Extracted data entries
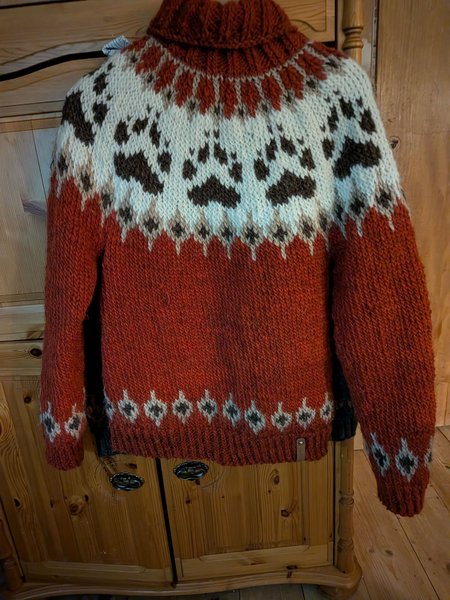 Stickad tröja med polokrage i ett mönster med inspiration från naturen. Tröjan har ett dekorativt mönster runt halsen och nedre delen av tröjan, samt ett björntass mönster över bröstet.
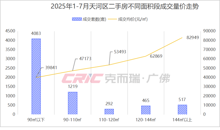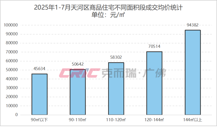 价格方面,克而瑞数据监测显示,今年1-7月,天河区新房不同户型均价呈现“越大越贵”的特征,其中凭借“核心地段改善物业相对稀缺”这一属性,144㎡户型成交均价94382元/㎡,较去年同时期上涨4%。
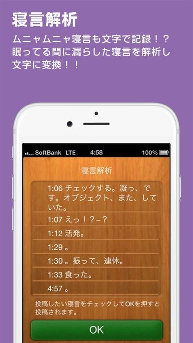 寝言を自動的に録音してテキストに変換してくれるので、無意識の間にどんな寝言を言っているか確認できる!
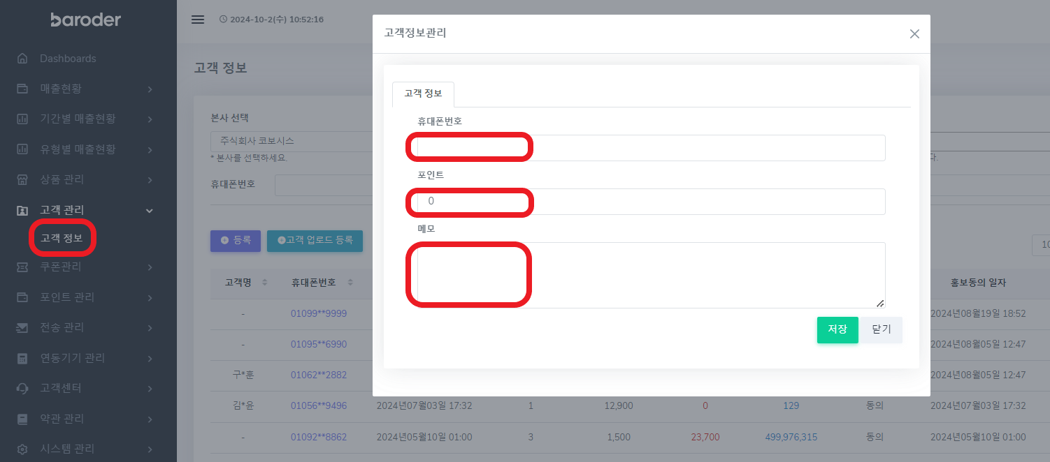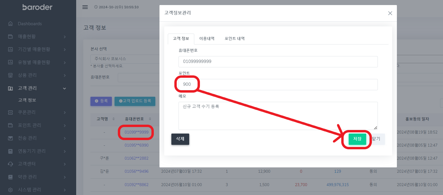 휴대폰번호, 보유 포인트, 메모 입력 후 저장버튼 클릭 시 고객 등록됩니다.
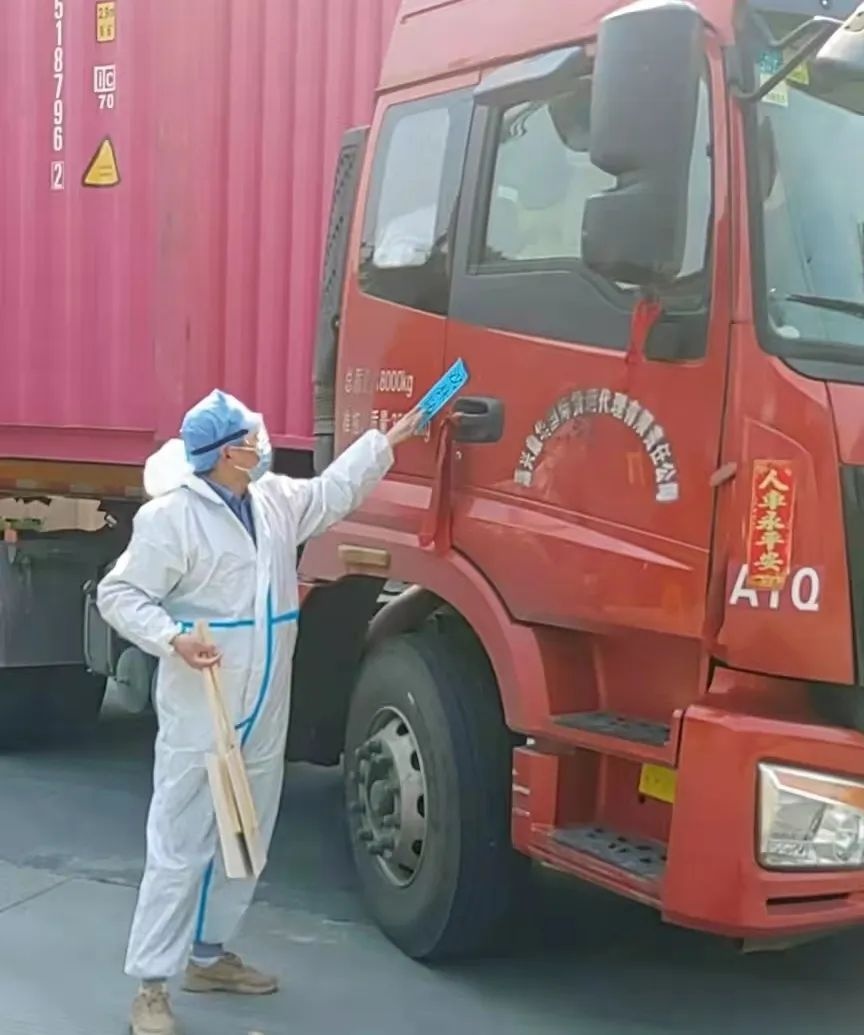 凡進(jìn)入廠區(qū)的集裝箱及來廠裝貨車輛,都要求掃“嘉行碼”及行程碼查看(嘉興市外來返斜橋的進(jìn)行登記),并測(cè)體溫登記,駕駛證、車牌號(hào)碼、身份證號(hào)碼、進(jìn)廠時(shí)間、離廠時(shí)間等都要求填寫完整記錄。(由于貨車封閉管理所有駕駛員信息由單證部反饋管理部,由保安核對(duì)統(tǒng)一填寫登記,對(duì)嘉興市市外車輛進(jìn)行車門封條張貼)
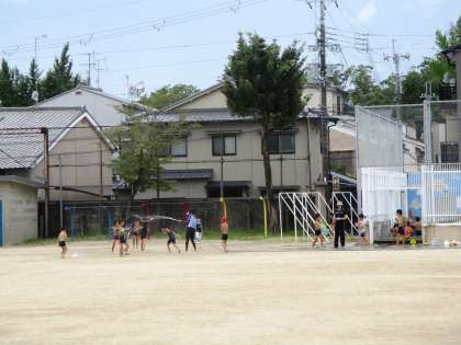 1年生のみんなは,運動場で水遊びを楽しみました。9月とはいえ,まだまだ30度以上の日が続いています。水着に着替えて,水でっぽうを持って,みんなで水の掛け合いっこをして大はしゃぎです。先生も、ホースを持って一緒に遊びました。
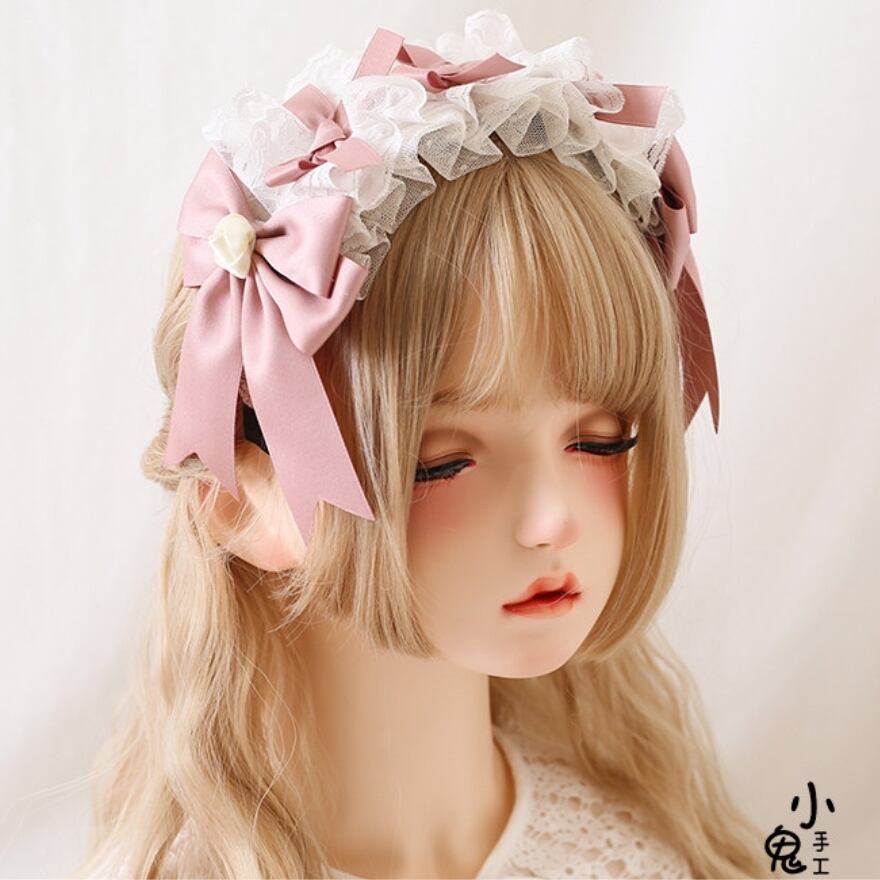 クラシカルロリータの美しさは、甘さをそのまま見せるのではなく、整えられた装飾の中に静かな気品を宿せるところにあると思います。白いレースに淡いピンクを差し込むことで、アンティークのドレッサーにそっと飾られたリボンのような、穏やかでやさしい空気が生まれます。可憐さの中にも品のある余韻を残したい日に選びたくなるヘッドドレスです。

What the task requires: Every line of the records above should be reproduced exactly, with no pictures included.

Solution to this task:
 Stickad tröja med polokrage i ett mönster med inspiration från naturen. Tröjan har ett dekorativt mönster runt halsen och nedre delen av tröjan, samt ett björntass mönster över bröstet.
 价格方面,克而瑞数据监测显示,今年1-7月,天河区新房不同户型均价呈现“越大越贵”的特征,其中凭借“核心地段改善物业相对稀缺”这一属性,144㎡户型成交均价94382元/㎡,较去年同时期上涨4%。
 寝言を自動的に録音してテキストに変換してくれるので、無意識の間にどんな寝言を言っているか確認できる!
 휴대폰번호, 보유 포인트, 메모 입력 후 저장버튼 클릭 시 고객 등록됩니다.
 凡進(jìn)入廠區(qū)的集裝箱及來廠裝貨車輛,都要求掃“嘉行碼”及行程碼查看(嘉興市外來返斜橋的進(jìn)行登記),并測(cè)體溫登記,駕駛證、車牌號(hào)碼、身份證號(hào)碼、進(jìn)廠時(shí)間、離廠時(shí)間等都要求填寫完整記錄。(由于貨車封閉管理所有駕駛員信息由單證部反饋管理部,由保安核對(duì)統(tǒng)一填寫登記,對(duì)嘉興市市外車輛進(jìn)行車門封條張貼)
 1年生のみんなは,運動場で水遊びを楽しみました。9月とはいえ,まだまだ30度以上の日が続いています。水着に着替えて,水でっぽうを持って,みんなで水の掛け合いっこをして大はしゃぎです。先生も、ホースを持って一緒に遊びました。
 クラシカルロリータの美しさは、甘さをそのまま見せるのではなく、整えられた装飾の中に静かな気品を宿せるところにあると思います。白いレースに淡いピンクを差し込むことで、アンティークのドレッサーにそっと飾られたリボンのような、穏やかでやさしい空気が生まれます。可憐さの中にも品のある余韻を残したい日に選びたくなるヘッドドレスです。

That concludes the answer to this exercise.